- [Your task]:
Though the entries hold pictures, only their text should be duplicated, exactly and in full.
Start of Block
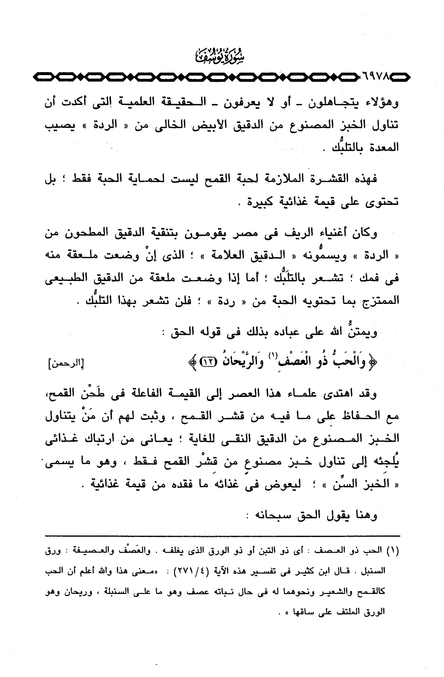 ويمتنُّ الله على عباده بذلك في قوله الحق: {والحب ذُو العصف والريحان} [الرحمن: 12] .
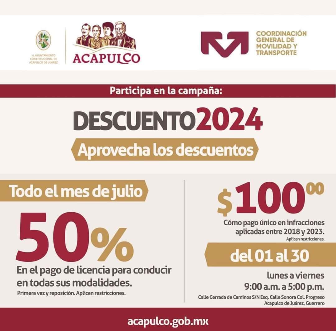 El Gobierno de Acapulco exhorta a la ciudadanía a aprovechar estos descuentos, que además de contribuir en la economía de la población, ayudan a incrementar la recaudación para la mejora de los servicios públicos en la ciudad.
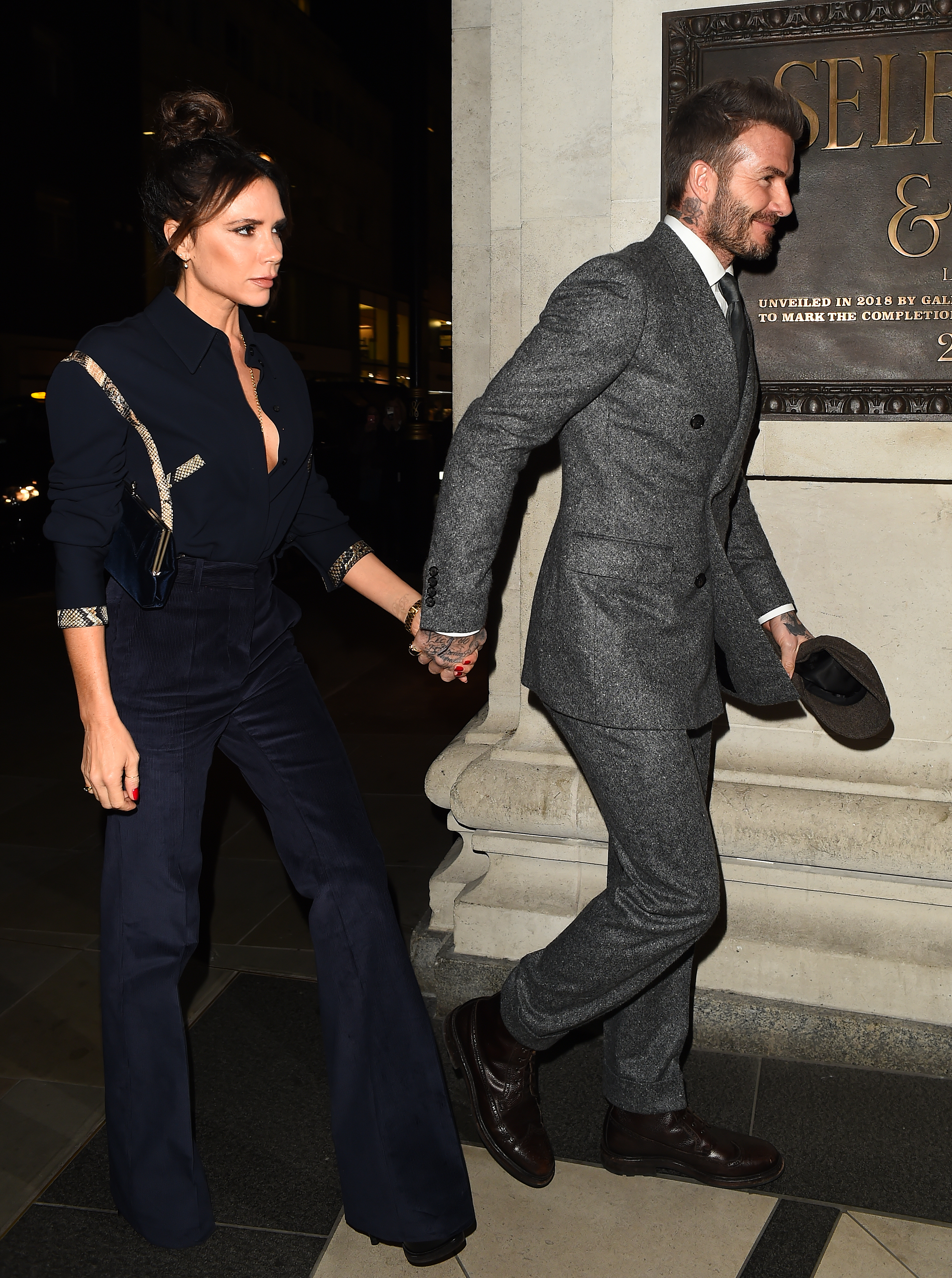 Η Victoria επέλεξε ένα υπέροχο παντελόνι σε βελούδινο ύφασμα και σκούρο μπλε χρώμα από την P/F 19 συλλογή της, το οποίο συνδύασε με μεταξωτό πουκάμισο με snake skin λεπτομέρειες. Η chic εμφάνιση ολοκληρώθηκε με μαύρα μποτάκια και βελούδινο clutch bag.
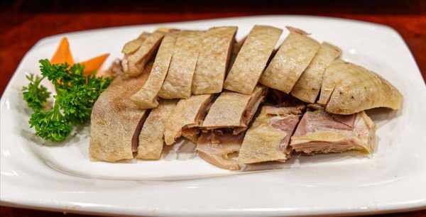 5、撈出鹵制好的咸水鴨,切塊裝盤。
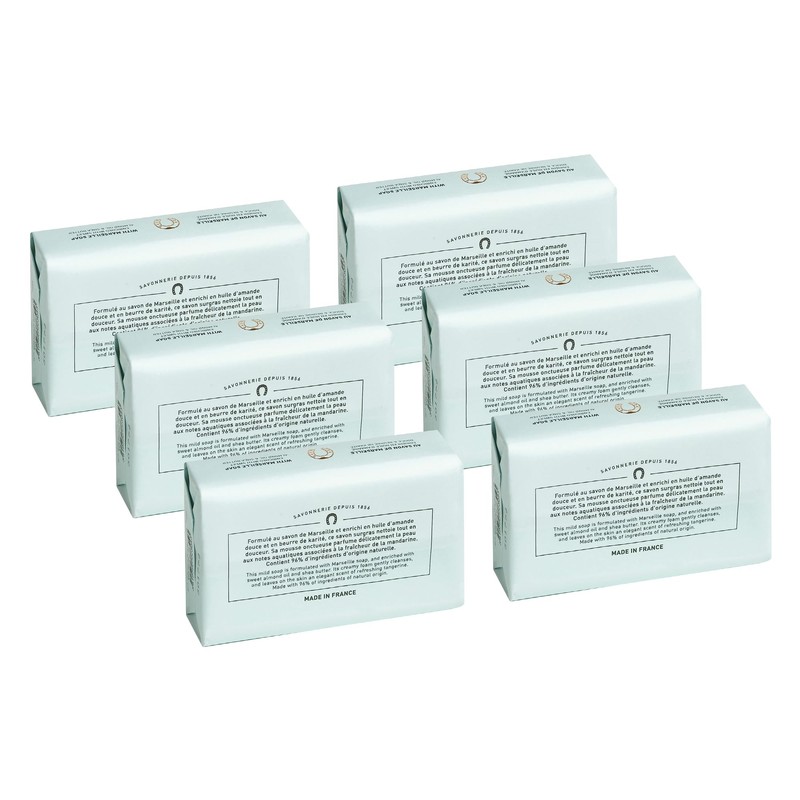 Fer à Cheval Marseille Soap Gentle Perfumed Soap Bar Set of 6, Aqua Tangerine Scent, 125 g/4.41 oz, Hypoallergenic, Made in France
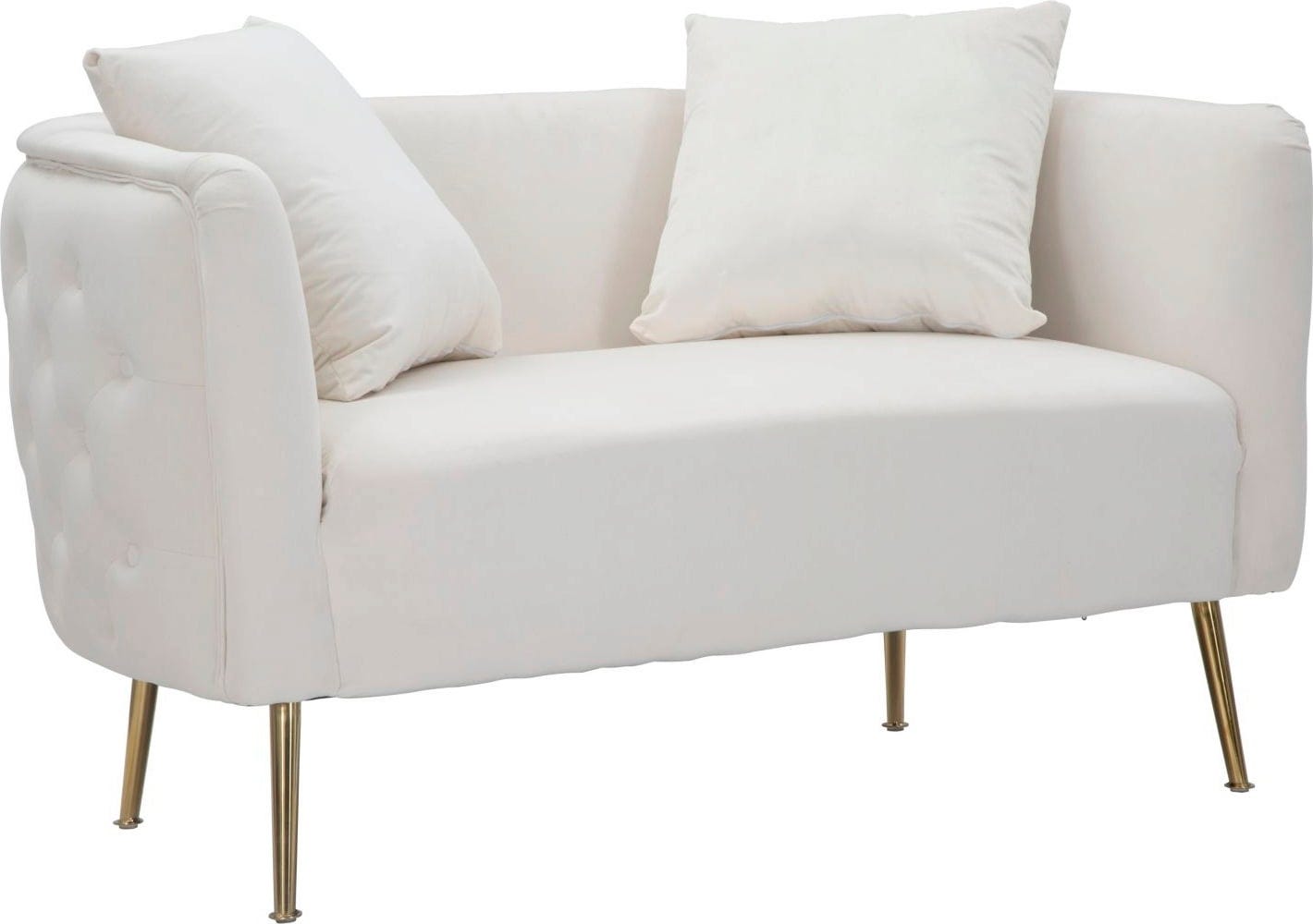 Die goldfarbenen Metallbeine bilden einen eleganten Kontrast zum Stoff, wobei Gold und Samt zu einem einzigartigen Stil verschmelzen – zwei passende Kissen sind im Lieferumfang enthalten!
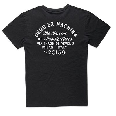 Address T-Shirt - Klassisches DEUS T-Shirt DEUS Address T-Shirt Regular Fit Mit klassischem DEUS Brust- und Rückenaufdruck 190gm Baumwolljersey Länge (Kragen hinten bis Saum unten): 73,0 cm bei Größe M Style: Classic
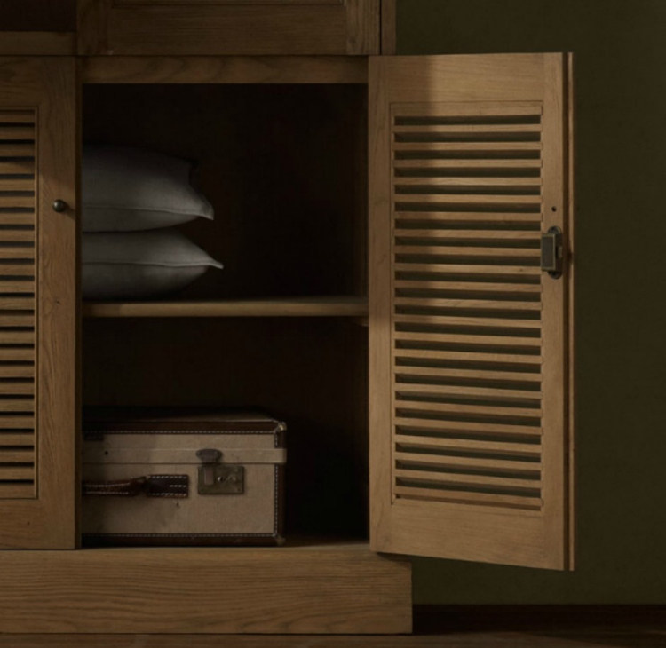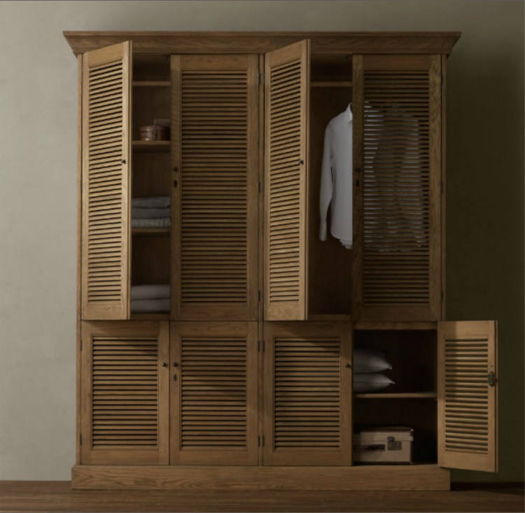 Американский Rh, оригинальная одиночная французская деревенская ретро бревенчатая мебель, четырехдверный шкаф с жалюзи в сборе, шкаф для хранения из американского дуба
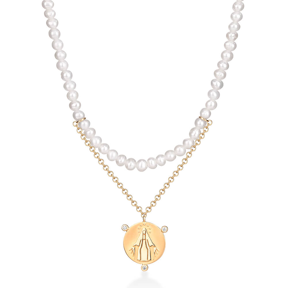 Colar em ouro 18k amarelo com pérolas e 0,03ct de brilhantes.
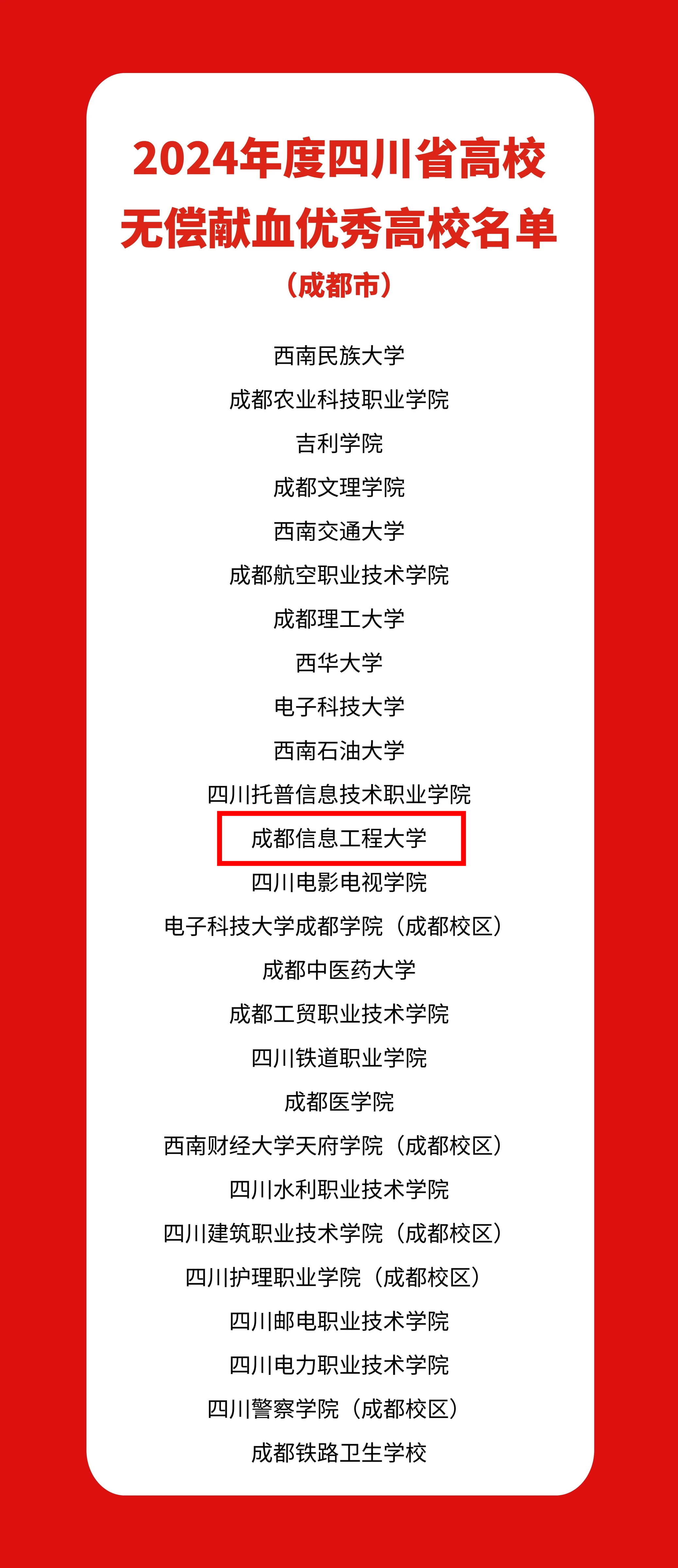 【本网讯】近日,四川省卫生健康委员会、四川省教育厅、共青团四川省委、四川省红十字会联合发布《关于表扬2024年度四川省高校无偿献血优秀单位和个人的通报》。
End of Block
- [Exercise answer]:
 ويمتنُّ الله على عباده بذلك في قوله الحق: {والحب ذُو العصف والريحان} [الرحمن: 12] .
 El Gobierno de Acapulco exhorta a la ciudadanía a aprovechar estos descuentos, que además de contribuir en la economía de la población, ayudan a incrementar la recaudación para la mejora de los servicios públicos en la ciudad.
 Η Victoria επέλεξε ένα υπέροχο παντελόνι σε βελούδινο ύφασμα και σκούρο μπλε χρώμα από την P/F 19 συλλογή της, το οποίο συνδύασε με μεταξωτό πουκάμισο με snake skin λεπτομέρειες. Η chic εμφάνιση ολοκληρώθηκε με μαύρα μποτάκια και βελούδινο clutch bag.
 5、撈出鹵制好的咸水鴨,切塊裝盤。
 Fer à Cheval Marseille Soap Gentle Perfumed Soap Bar Set of 6, Aqua Tangerine Scent, 125 g/4.41 oz, Hypoallergenic, Made in France
 Die goldfarbenen Metallbeine bilden einen eleganten Kontrast zum Stoff, wobei Gold und Samt zu einem einzigartigen Stil verschmelzen – zwei passende Kissen sind im Lieferumfang enthalten!
 Address T-Shirt - Klassisches DEUS T-Shirt DEUS Address T-Shirt Regular Fit Mit klassischem DEUS Brust- und Rückenaufdruck 190gm Baumwolljersey Länge (Kragen hinten bis Saum unten): 73,0 cm bei Größe M Style: Classic
 Американский Rh, оригинальная одиночная французская деревенская ретро бревенчатая мебель, четырехдверный шкаф с жалюзи в сборе, шкаф для хранения из американского дуба
 Colar em ouro 18k amarelo com pérolas e 0,03ct de brilhantes.
 【本网讯】近日,四川省卫生健康委员会、四川省教育厅、共青团四川省委、四川省红十字会联合发布《关于表扬2024年度四川省高校无偿献血优秀单位和个人的通报》。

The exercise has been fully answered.